Up until last week, a T-Mobile website had a serious security hole that let hackers access user’s email addresses, accounts and a phone’s IMSI network code, according to a report from Motherboard. Attackers only needed your phone number to obtain the information, which could be used in social engineering attacks to commandeer your line, or worse.
The security research who discovered the hole, Karan Saini from startup Secure7, notes that anyone could have run a script to scrape the data of all 76 million T-Mobile users and create a searchable database. “That would effectively be classified as a very critical data breach, making every T-mobile cell phone owner a victim,” he told Motherboard.
T-Mobile said in a statement that “we were alerted to an issue that we investigated and fully resolved in less than 24 hours. There is no indication that it was shared more broadly.” Saini notes that T-Mobile offered him a $1,000 reward as part of its bug bounty program.
A bunch of SIM swapping kids had [the hack] and used it for quite a while.

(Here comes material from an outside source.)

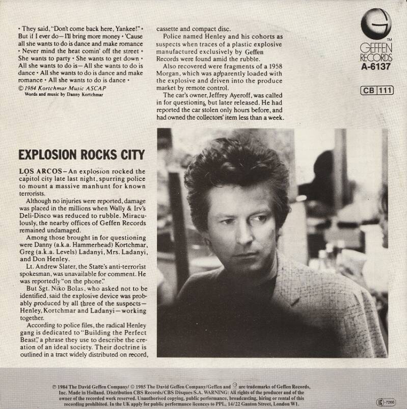 Geffen Records GEFA 6137 (1985) (EUR)

However, an anonymous hacker disputes T-Mobile’s claim that the bug wasn’t shared broadly, telling Motherboard that “a bunch of SIM swapping kids had [the hack] and used it for quite a while.” They could have exploited the data to “socially engineer,” or basically con, T-Mobile technicians into handing over replacement SIMs by pretending they’re the owners of the line. Motherboard also discovered a YouTube video dated August 6th that describes exactly how to execute the hack.
In fact, this is exactly what happened to Techcrunch writer John Biggs on August 22nd. After impersonating him and obtaining a replacement for his T-Mobile SIM, a hacker was able to quickly change his Gmail, Facebook, and other passwords, even though they were protected by two-factor SMS authentication.
It’s impossible to say whether the security hole helped the hackers swindle hapless T-Mobile tech support employees into sending them replacement SIMs, but it certainly appears plausible. (Tech support folks are supposed to require security question responses, invoices and other information, but often hand over SIMs to smooth-talking hackers without it.) We’ve reached out to T-Mobile and the FCC to find out if there was an uptick in such attacks over the last few months.